Conhecer-se. Falar. Cuidar-se. Essa é a base desde a qual se constrói a revolução.
“Que classe
de mulher queres ser? Que vida queres levar?”, pergunta a comandante
Arian a suas companheiras das YPJ (Unidades de Defesa das Mulheres).
Muitas não sabem o que responder. Olham o chão, suas mãos, seus rostos
refletem a imensidade da pergunta. Nunca se questionou que vida escolhem
para si mesmas, que mulher querem ser ou em que entorno querem viver.
“Se não nos conhecemos não podemos triunfar”, explica Rohash Shexo,
representante na Europa da organização Kongreya Star, guarda-chuva que
acolhe as organizações de mulheres do Curdistão e que pretende extender a
revolução da emancipação da mulher a todo Oriente Médio. “A revolução
se constrói sobre a experiência”, e a primeira coisa é nos conhecermos e
nos organizarmos.
Ainda que
Rohash tenta nos pôr na pele do povo curdo, é difícil alcançar a
compreender a experiência destas mulheres revolucionárias e de um povo
que sofreu 74 genocídios em sua história. Eriça os pelos da pele, as
lágrimas brotam dos olhos, reações puramente físicas. Para interiorizar
suas palavras é preciso de dias. Semanas. Meses. “Sinto falta de minhas
companheiras, a luta, a guerra. Sinto falta de compartilhar sua dor e
suas dificuldades, e compartilhar também a alegria da liberação. É algo
incrível sofrer e depois desfrutar da liberdade”, descreve a comandante
Arian. E outra vez a pele de galinha.
‘Comandante
Arian’ é o filme documentário que se projetou na jornada ‘Rojava:
Revolução de Mulheres’ que organizamos a CNT Comarcal Sul Madrid com
Rojava Azadi, e que contou com a participação de Rohash Shexo, que
narrou em primeira pessoa a história da mulher curda e seu povo. Ante um
salão de atos lotado, Rohash expressou sentir-se “como em Rojava” e
mostrou sua alegria ao constatar o interesse que desperta sua luta e o
perto que nos sentimos deste povo e sua revolução. Uma revolução que
começou em 1980 com a luta das mulheres para conquistar seus direitos e
alcançar a dignidade para seu gênero. A tirania que sofria a mulher se
explica em um exemplo estremecedor que narra o filme. Uma vizinha de
Arian, de 12 ou 13 anos, foi violada e ficou grávida. Quando sua família
a encontrou e descobriu seu estado, a assassinou. Arian teve claro
desde pequena que queria ser guerrilheira. Que não queria essa vida para
ela nem para suas irmãs mulheres. E com 30 anos liderou um batalhão de
mulheres que lutou contra o Daesh e conseguiu expulsá-lo de Kobane, “o
coração do Curdistão”.
“Por
que as revoluções árabes não triunfaram? Por que a revolução curda sim?

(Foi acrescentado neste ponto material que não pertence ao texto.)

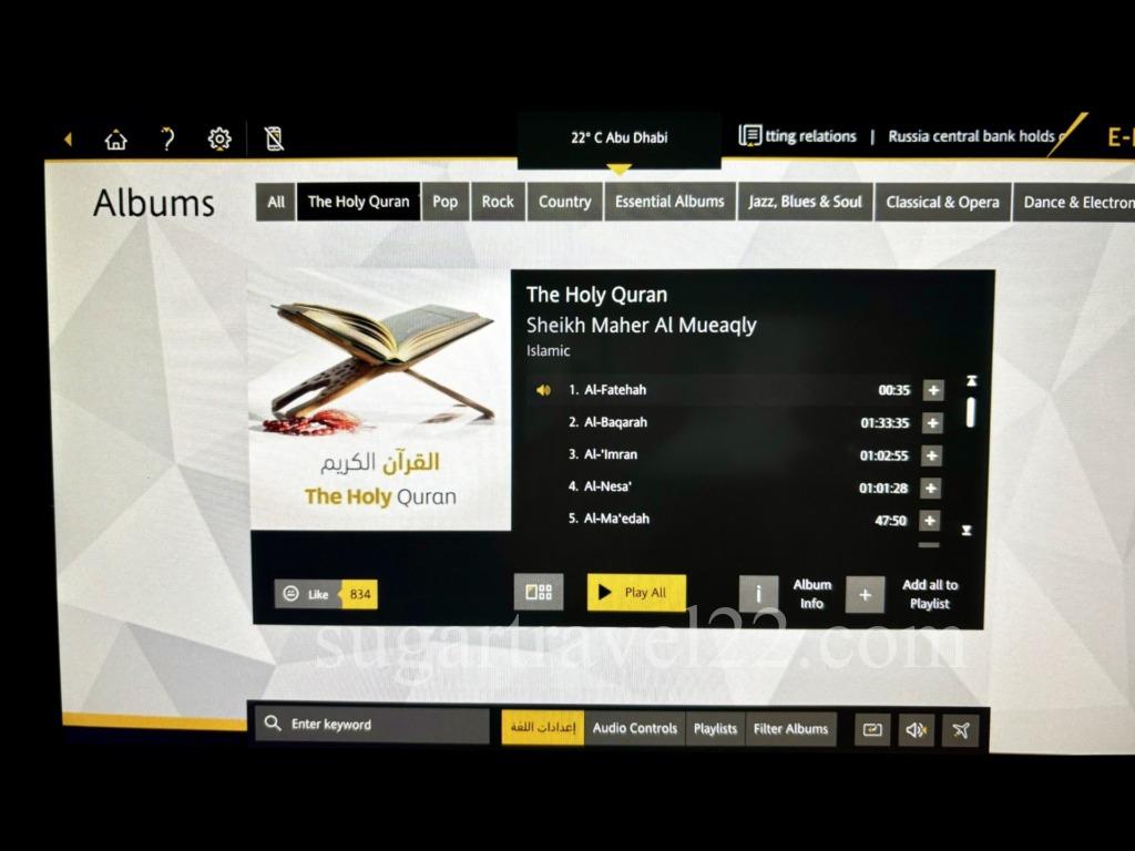 機内コンテンツですが、日本語メニューはなく全て英語かアラビア語でした。

Organização”. Uma ideia na qual insiste Rohash. Organização das
mulheres e da sociedade. Paralelas e independentes, mas unidas e
relacionadas. Quando as cidades árabes começaram a levantar-se a partir
de 2011, “o povo não o planejou, por isso o resultado foi uma guerra
civil”, explica Rohash. A população curda e suas mulheres estavam
organizadas desde os anos 80, e sua revolução prosperou sobre a base da
liberação da mulher.
Quando
a primavera árabe começou na Síria, os curdos do norte do país
aproveitaram para liberar-se de décadas de opressão que haviam sofrido
sob o regime Baazista e para desenvolver a chamada “terceira via”,
conhecida como Confederalismo Democrático: um modelo baseado em promover
direitos igualitários entre pessoas de diferentes etnias, religiões e
gêneros. A organização funciona através da autogestão e aproximadamente 4
milhões de pessoas vive sob esta administração.
A
sociedade em Rojava se organiza de baixo para cima em comunas e
assembleias, tal e como explicou Rohash. As comunas são a base da
sociedade que gestiona o que lhes afeta diretamente e que por sua vez
está encarregada de escolher os e as representantes que integram as
assembleias, e assim sucessivamente nos diferentes níveis organizativos.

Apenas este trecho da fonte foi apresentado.